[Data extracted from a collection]
*** Block opens ***

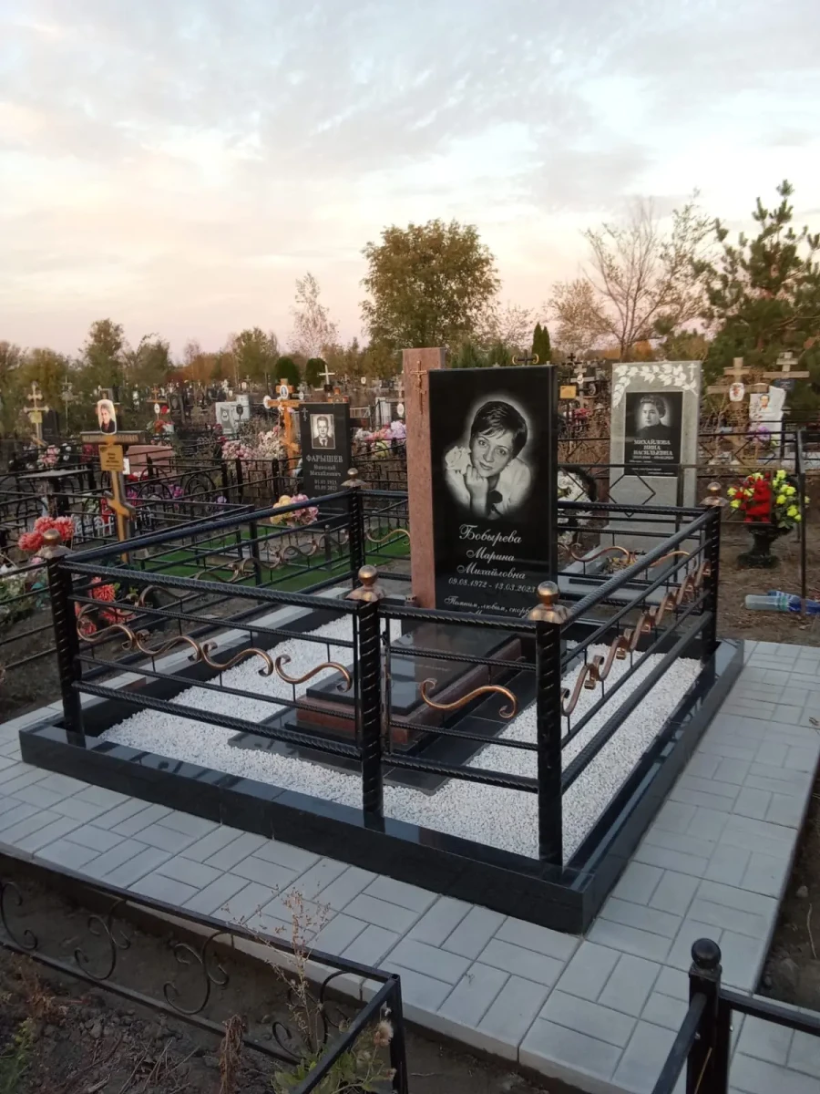 - Деталь: Ограда выполнена в стиле «черное золото» — строгие черные столбы с шарообразными навершиями дополнены изящными завитками бронзового оттенка. Это перекликается с крестом на стеле и создает единую визуальную нить.
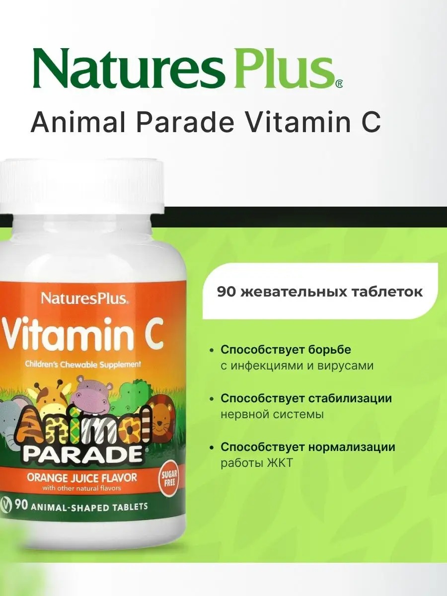 Nature’s Plus Vitamin C Animal Parade– это биологически активная добавка растительного происхождения без аллергенов, сои, пшеницы, ГМО, искусственных добавок.
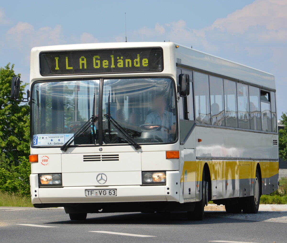 Am 04.06.2016 fährt TF-VG 63 für die ILA 2016 auf der Shuttle Linie "S". Aufgenommen wurde ein Mercedes Benz O405 der VTF.
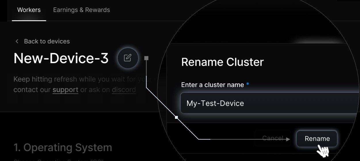 Click the “Pencil” icon to open the popup for editing the device name. Please add a unique name for your device. An ideal format would be something like this: My-Test-Device
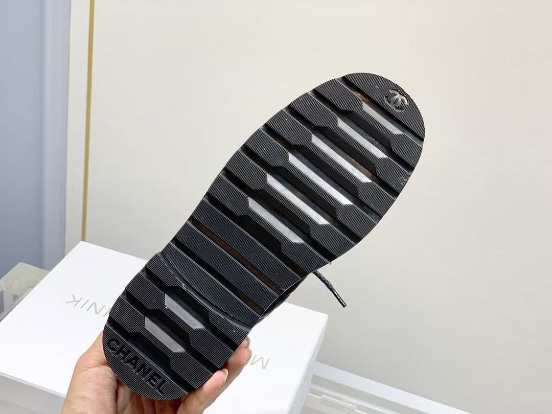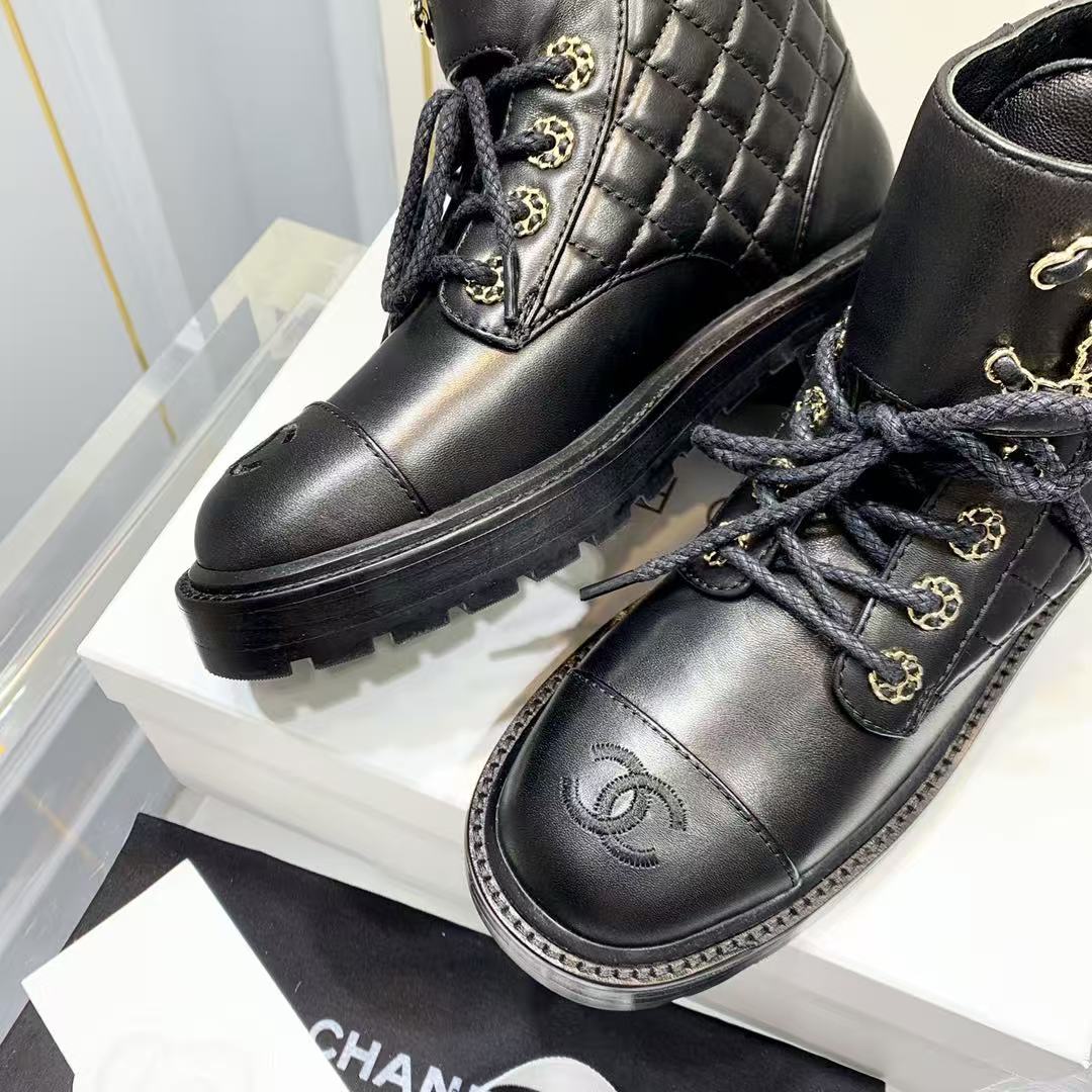 • Chanel Shiny Qulited Lace Up Combat Boots Black
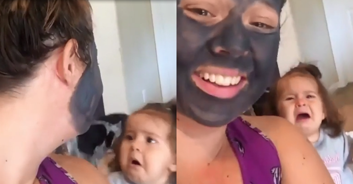 Thấy con khóc vì sợ hãi trước gương mặt đang đắp mặt nạ của mình, các bà mẹ tỏ vẻ thích thú.

*** Block closes ***

When you transcribe the entries above, begin at their first line, end with the line containing "Am 04.06.2016 fährt", and copy each line exactly without any picture.

[Solution to this exercise]
 - Деталь: Ограда выполнена в стиле «черное золото» — строгие черные столбы с шарообразными навершиями дополнены изящными завитками бронзового оттенка. Это перекликается с крестом на стеле и создает единую визуальную нить.
 Nature’s Plus Vitamin C Animal Parade– это биологически активная добавка растительного происхождения без аллергенов, сои, пшеницы, ГМО, искусственных добавок.
 Am 04.06.2016 fährt TF-VG 63 für die ILA 2016 auf der Shuttle Linie "S". Aufgenommen wurde ein Mercedes Benz O405 der VTF.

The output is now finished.